## Instructions to follow
All pictures should be dropped, and only the lines from the top of the entries below through the line containing "Sahil Güvenlik Komutanlığı" repeated exactly, both ends included.

## The records
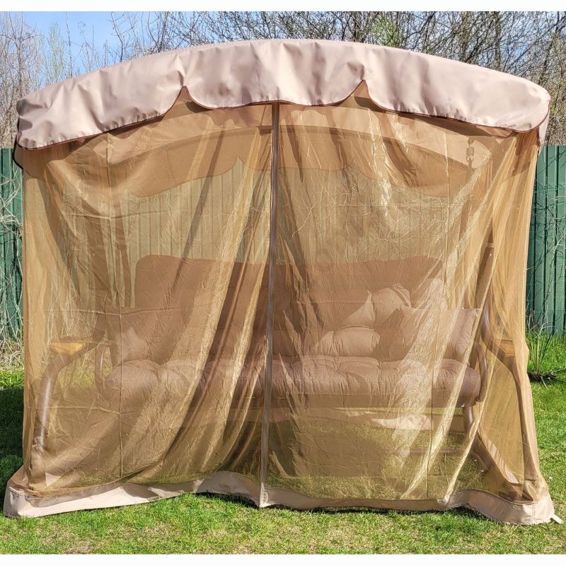 Металева садова гойдалка з тентом, москітною сіткою та коричневим матрацом.
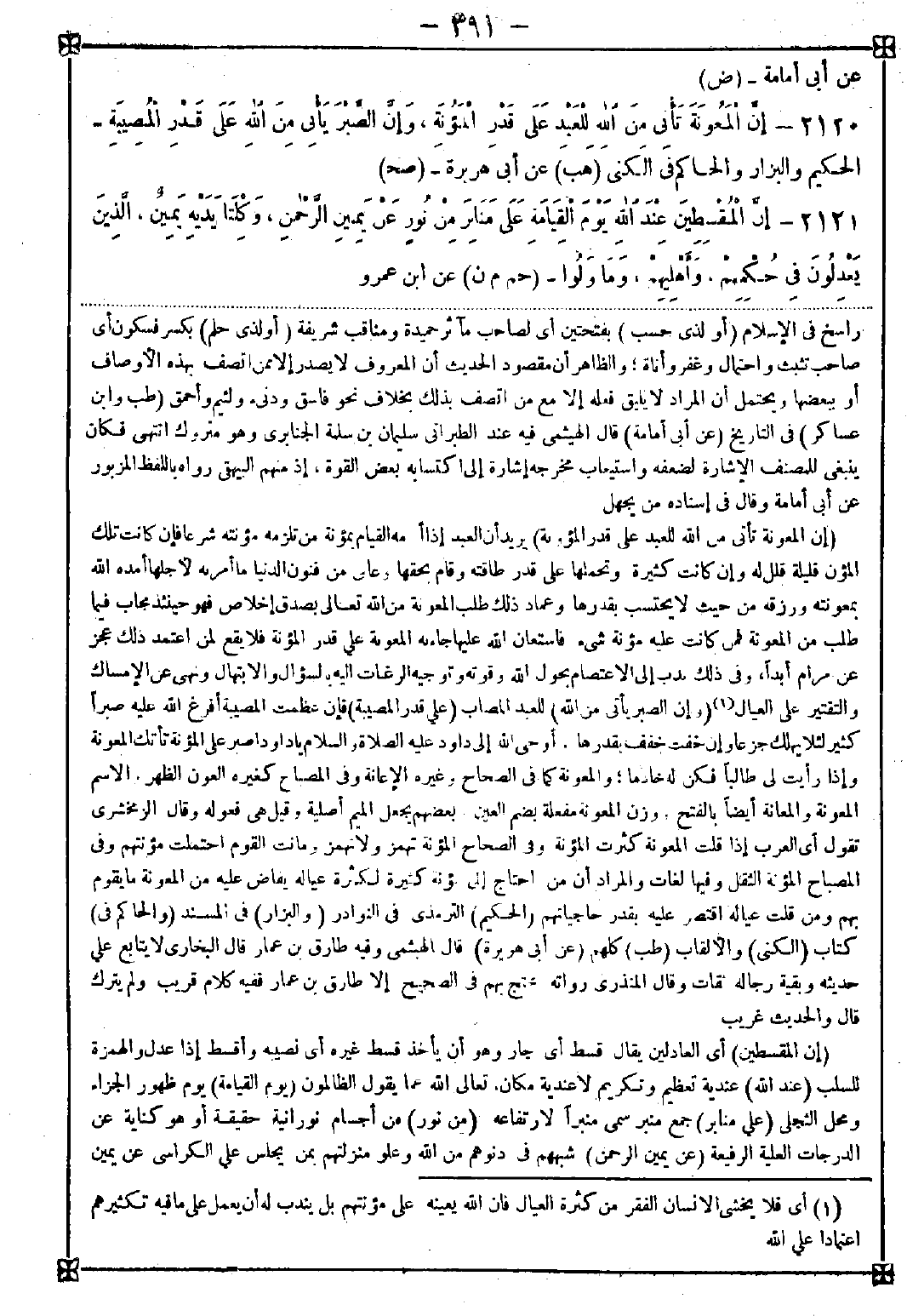 2120 - (إن المعونة تأتي من الله للعبد على قدر المؤونة) يريد أن العبد إذا أهمه القيام بمؤونة تلزمه مؤونته شرعا فإن كانت تلك المؤن قليلة قلل له وإن كانت كثيرة وتحملها على قدر طاقته وقام بحقها وعاين من فنون الدنيا ما أمر به لأجلها أمده الله بمعونته ورزقه من حيث لا يحتسب بقدرها وعماد ذلك طلب المعونة من الله تعالى بصدق إخلاص فهو حينئذ مجاب فيما طلب من المعونة فمن كانت عليه مؤونة شيء فاستعان الله عليها جاءته المعونة على قدر المؤونة فلا يقع لمن اعتمد ذلك عجز عن مرام أبدا وفي ذلك ندب إلى الاعتصام بحول الله وقوته وتوجيه الرغبات إليه بالسؤال والابتهال ونهي عن الإمساك والتقتير على العيال (1) (وإن الصبر يأتي من الله) للعبد المصاب (على قدر المصيبة) فإن عظمت المصيبة أفرغ الله عليه صبرا كثيرا لئلا يهلك جزعا وإن خفت خفف بقدرها. أوحى الله إلى داود عليه الصلاة والسلام يا داود اصبر على المؤونة تأتيك المعونة وإذا رأيت لي طالبا فكن له خادما والمعونة كما في الصحاح وغيره الإعانة وفي المصباح كغيره العون الظهر والاسم المعونة والمعانة أيضا بالفتح ووزن المعونة مفعلة بضم العين وبعضهم يجعل الميم أصلية وقيل هي فعولة وقال الزمخشري: تقول أي العرب إذا قلت المعونة كثرت المؤونة وفي الصحاح المؤونة تهمز ولا تهمز ومانت القوم احتملت مؤونتهم وفي المصباح المؤونة الثقل وفيها لغات والمراد أن من احتاج إلى مؤونة كثيرة لكثرة عياله يفاض عليه من المعونة ما يقوم بهم ومن قلت عياله اقتصر عليه بقدر حاجياتهم
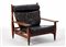 Grande poltrona con struttura in massello di legno centroamericano, cuscini imbottiti e rivestiti in pelle nera. Probabile produzione brasiliana. Anni '50. (cm 98x89x97) (lievi difetti e restauri)
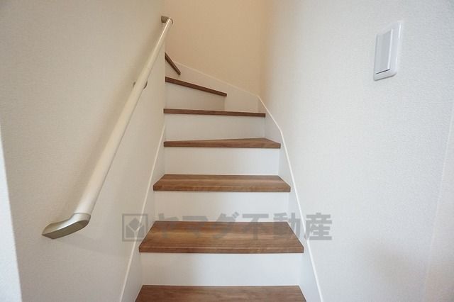 ご年配の方でも安心できる、手すり付き階段です^^段差も低めで設定されてますので安全性にも優れてますね^^
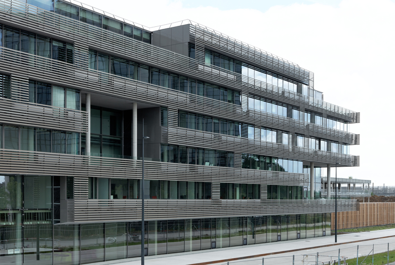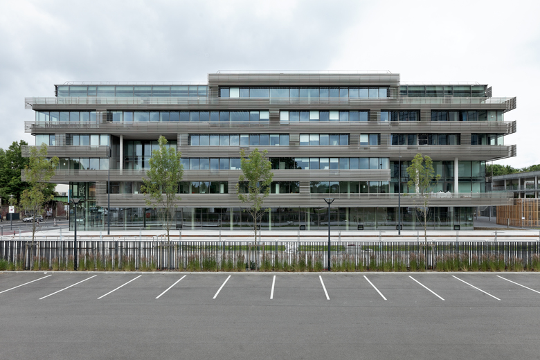 The offices are arranged around the atrium on five floors. Meeting rooms and open common areas animate the inner façade by providing bow windows into the court. There are large wooden terraces on each floor. These outdoor areas can be used for meetings, spontaneous and informal, as well as for moments of relaxation and rest.
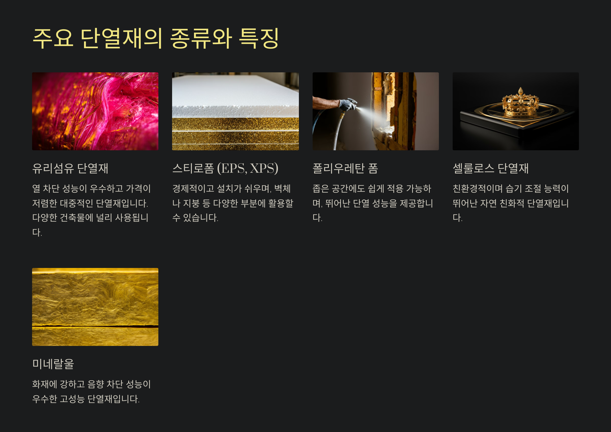 주요 단열재의 종류와 특징
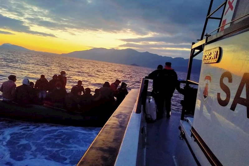 Sahil Güvenlik Komutanlığı ekipleri, ilçe açıklarında lastik bottaki 5'i çocuk 19 düzensiz göçmeni yakaladı.
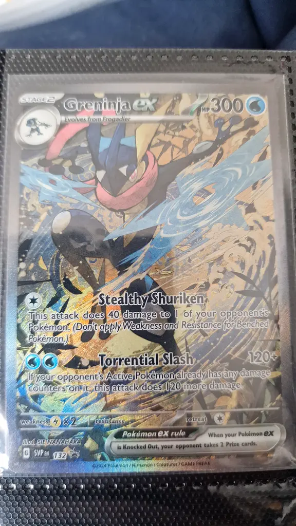 I'm selling a Greminja EX Trading Card in excellent condition. This card has been gently used and is perfect for any collector looking to add to their set. It features the unique abilities 'Stealthy Shuriken' and 'Torrential Slash,' making it a strong addition to any deck. The card has minimal wear and has been stored safely for the last couple of years.

## Exercise output
 Металева садова гойдалка з тентом, москітною сіткою та коричневим матрацом.
 2120 - (إن المعونة تأتي من الله للعبد على قدر المؤونة) يريد أن العبد إذا أهمه القيام بمؤونة تلزمه مؤونته شرعا فإن كانت تلك المؤن قليلة قلل له وإن كانت كثيرة وتحملها على قدر طاقته وقام بحقها وعاين من فنون الدنيا ما أمر به لأجلها أمده الله بمعونته ورزقه من حيث لا يحتسب بقدرها وعماد ذلك طلب المعونة من الله تعالى بصدق إخلاص فهو حينئذ مجاب فيما طلب من المعونة فمن كانت عليه مؤونة شيء فاستعان الله عليها جاءته المعونة على قدر المؤونة فلا يقع لمن اعتمد ذلك عجز عن مرام أبدا وفي ذلك ندب إلى الاعتصام بحول الله وقوته وتوجيه الرغبات إليه بالسؤال والابتهال ونهي عن الإمساك والتقتير على العيال (1) (وإن الصبر يأتي من الله) للعبد المصاب (على قدر المصيبة) فإن عظمت المصيبة أفرغ الله عليه صبرا كثيرا لئلا يهلك جزعا وإن خفت خفف بقدرها. أوحى الله إلى داود عليه الصلاة والسلام يا داود اصبر على المؤونة تأتيك المعونة وإذا رأيت لي طالبا فكن له خادما والمعونة كما في الصحاح وغيره الإعانة وفي المصباح كغيره العون الظهر والاسم المعونة والمعانة أيضا بالفتح ووزن المعونة مفعلة بضم العين وبعضهم يجعل الميم أصلية وقيل هي فعولة وقال الزمخشري: تقول أي العرب إذا قلت المعونة كثرت المؤونة وفي الصحاح المؤونة تهمز ولا تهمز ومانت القوم احتملت مؤونتهم وفي المصباح المؤونة الثقل وفيها لغات والمراد أن من احتاج إلى مؤونة كثيرة لكثرة عياله يفاض عليه من المعونة ما يقوم بهم ومن قلت عياله اقتصر عليه بقدر حاجياتهم
 Grande poltrona con struttura in massello di legno centroamericano, cuscini imbottiti e rivestiti in pelle nera. Probabile produzione brasiliana. Anni '50. (cm 98x89x97) (lievi difetti e restauri)
 ご年配の方でも安心できる、手すり付き階段です^^段差も低めで設定されてますので安全性にも優れてますね^^
 The offices are arranged around the atrium on five floors. Meeting rooms and open common areas animate the inner façade by providing bow windows into the court. There are large wooden terraces on each floor. These outdoor areas can be used for meetings, spontaneous and informal, as well as for moments of relaxation and rest.
 주요 단열재의 종류와 특징
 Sahil Güvenlik Komutanlığı ekipleri, ilçe açıklarında lastik bottaki 5'i çocuk 19 düzensiz göçmeni yakaladı.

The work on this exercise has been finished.